Once everything was arranged to Loni’s liking, she and Ceara both knelt near the pedestal table to bless themselves with holy water and say a decade of the rosary, asking the Virgin Mother for intercession. They followed with several recitations of the Lord’s Prayer.

Afterward Loni sprinkled holy water all around the pedestal table while Ceara lighted the candles. Then Loni gazed into the crystal again, whispering the prayer she’d said before. As if acting on instinct, she lightly moved her hands over the crystal, whispering, “Let the light that’s within me enter this ball. Let all sight that comes through me shine bright in these depths.” Then, suddenly, Loni lifted one hand from the glass to reach toward Ceara. “That’s what’s missing. I’m not touching you.”

Ceara stepped closer to grasp Loni’s fingers. Loni said, “Don’t look deeply into the glass. Let me be the one to do this. Promise? Quincy will have my head if anything happens to you or the baby.”

“Ye’ve me word on it.”

With her free hand, Loni stroked the crystal again. “Powers that be, allow me to see, in this sphere of glass, the people Ceara loves in a time long past. Let the light that’s within me enter this ball. Let all sight that comes through me shine bright in these depths.”

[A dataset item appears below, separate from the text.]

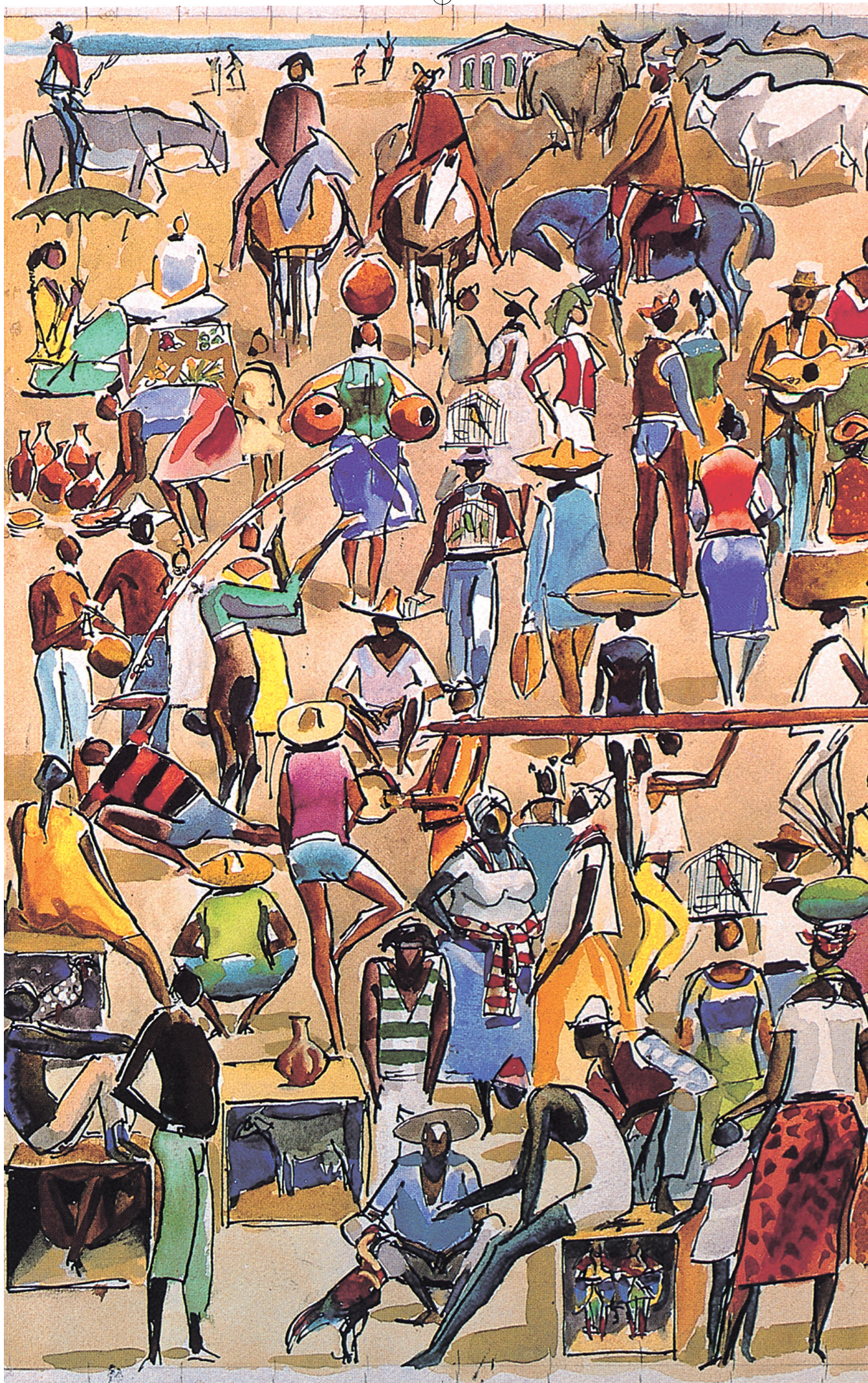
CARYBE, FEIRA, 1984

A strange glow surrounded the crystal sphere, creating shimmery sparkles similar to a halo. Ceara’s pulse kicked. She felt Loni’s hand tighten on hers. The glow surrounded the hand Loni had left resting on the crystal, then suddenly went out. Loni jumped and Ceara heard her gasp faintly.

Then Ceara saw that familiar, distant expression enter her sister-in-law’s eyes. Ceara felt a tingling on her skin. It seemed to her that the very air in the room grew charged with some unseen force.

“I see them,” Loni whispered. “And, oh, Ceara, so much more clearly now than before. Your mum is so
lovely
!”

Ceara inched closer to the sphere, paying special attention to how she felt and any sudden movement of the babe in her womb as she directed her gaze deep into the murky crystal. The babe didn’t move. Ceara experienced no sense of weakness. Something flickered, swirled, formed into her mum’s sweet face.

Home
. The rock walls of the tower room, the arched opening that looked out on the land around the manor, her mum’s chair over near the hearth, where an afternoon fire burned cheerfully in the grate. Ceara took a deep breath and slowly released it, once again taking measure of any physical effect this connection might be having on her.
Nothing
. She felt right as rain. ’Twas Loni’s gift at work, not her own. Ceara felt certain there would be no danger to her or her child.

“Mum!” she cried, touching the fingertips of her free hand to the glass. “Oh, me sweet mum!”

Ceara’s mother gazed back at her with tears in her eyes. “Ye’re growing big with child,” she said, her voice faint but clear. “I’ve been watching ye in me ball and seeing yer middle swell, but I ne’er dreamed ye might find a way to see me as well! Ach, ’tis a miracle that brings tears to me old eyes, Ceara, me darling girl.”

Ceara was so happy she felt a little light-headed, not from any physical stress, but simply because she’d thought ne’er to see her mum again. Clinging tightly to her friend’s hand, she had the presence of mind to say, “Mum, ’tis me sister-in-law Loni, here with me. Ye’ve seen her before, if ye recall. She is wife to Clint, me husband’s eldest brother. Loni, meet me mum, Daireann Eibhlin O’Ceallaigh.”